Ein paar Tage nach meinem 60. Geburtstag starb mein Vater – rund sechs Monate vor seinem 90. Und die letzten sechs Monate seines Lebens verbrachte er im Pflegeheim.
Das halbe Jahr im Pflegeheim empfand ich persönlich als die Zeit des Abschiednehmens. Und wohl auch mein Vater erlebte dieses halbe Jahr so.
Dann kam der definitive Abschied: Nicht während den 45 Minuten auf dem Friedhof, sondern während der Räumung von Vaters Wohnung. Und ich kam dabei ins Grübeln: Was bleibt nach dem Tod? Lohnt sich die Mühe eigentlich, die das Leben von uns Tag für Tag verlangt?
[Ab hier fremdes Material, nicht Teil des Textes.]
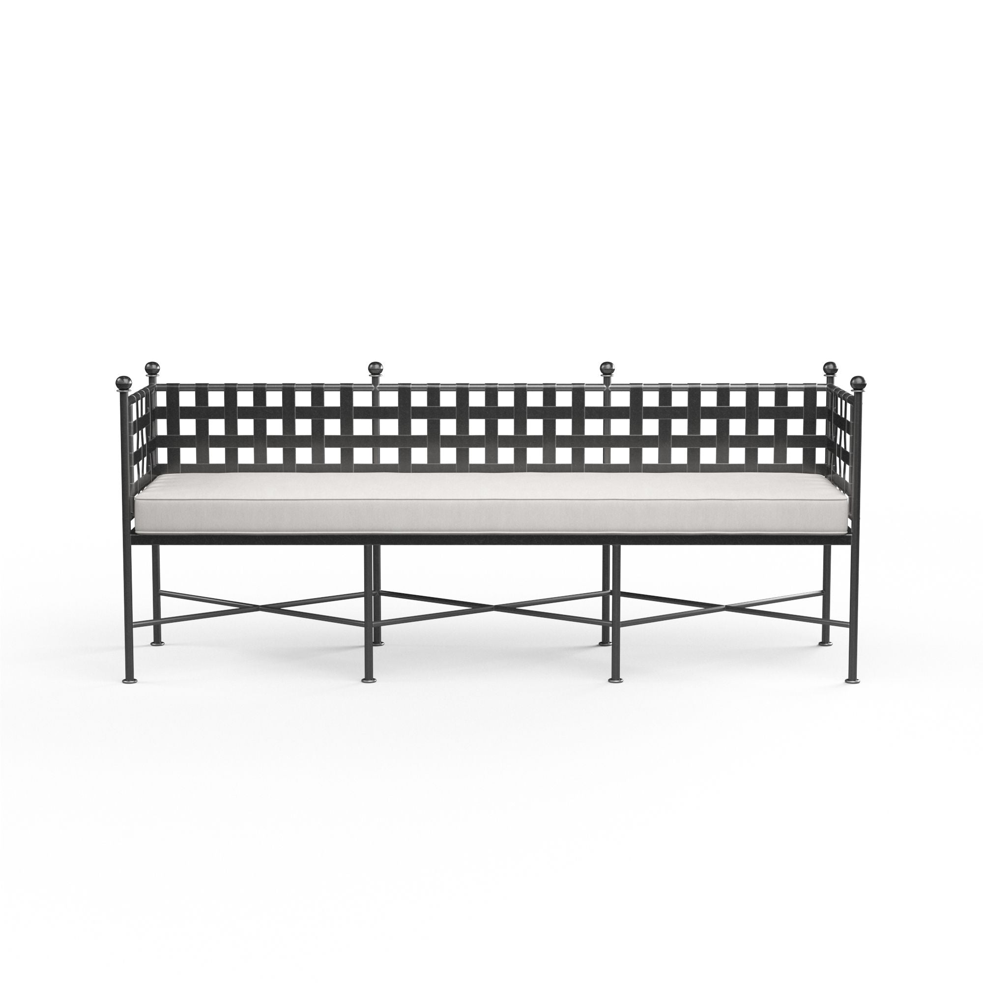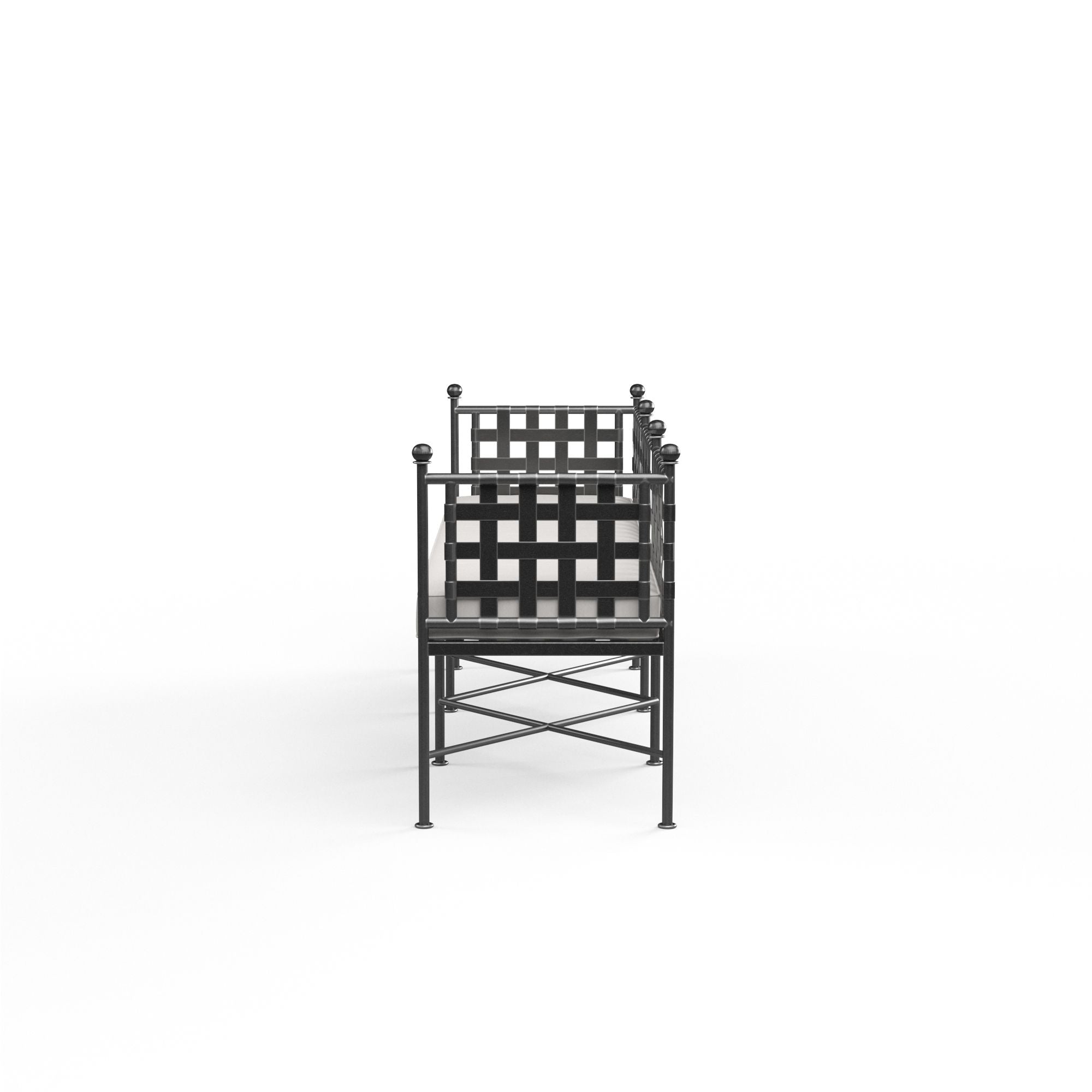 Constructed in expertly crafted wrought iron, the Provence Bench displays a woven basket weave frame, and subtly brushed Century Pewter antique finish topped with well-dressed finials. Featuring a 72" bench seat cushion, this piece is excellent for garden lounging, or paired with the Provence Dining Table.

Falls ich auch 90 werden sollte, habe ich bereits zwei Drittel meines Lebens hinter mir. Ob ich tatsächlich 90 werde und diese Rechnung aufgeht? Immerhin starb meine Mutter mit 66 …
Mit 30 schaffte ich mein Coming-out als schwuler Mann. Und seither widmete ich mich dem queeren Aktivismus. Hat sich dieser Aktivismus gelohnt? Habe ich da nicht zu viel Energie reingesteckt und habe deshalb «was» in meinem Leben verpasst?
Sechs Monate nach meinem 60. Geburtstag und dem Tod meines Vaters habe ich mich in seiner ehemaligen Wohnung eingerichtet. Sein Nest ist jetzt mein Nest, in dem ich mich wohl fühle und zuhause bin – und ich habe langsam wieder Zeit!
Alles gut?
In einer Woche ist Montag – der Tag nach der gewonnenen Abstimmung, die Zivilehe wird für uns gleichgeschlechtlich Liebenden geöffnet. Den Abstimmungskampf habe ich diesmal nur aus der Ferne beobachtet (und wir werden trotzdem gewinnen).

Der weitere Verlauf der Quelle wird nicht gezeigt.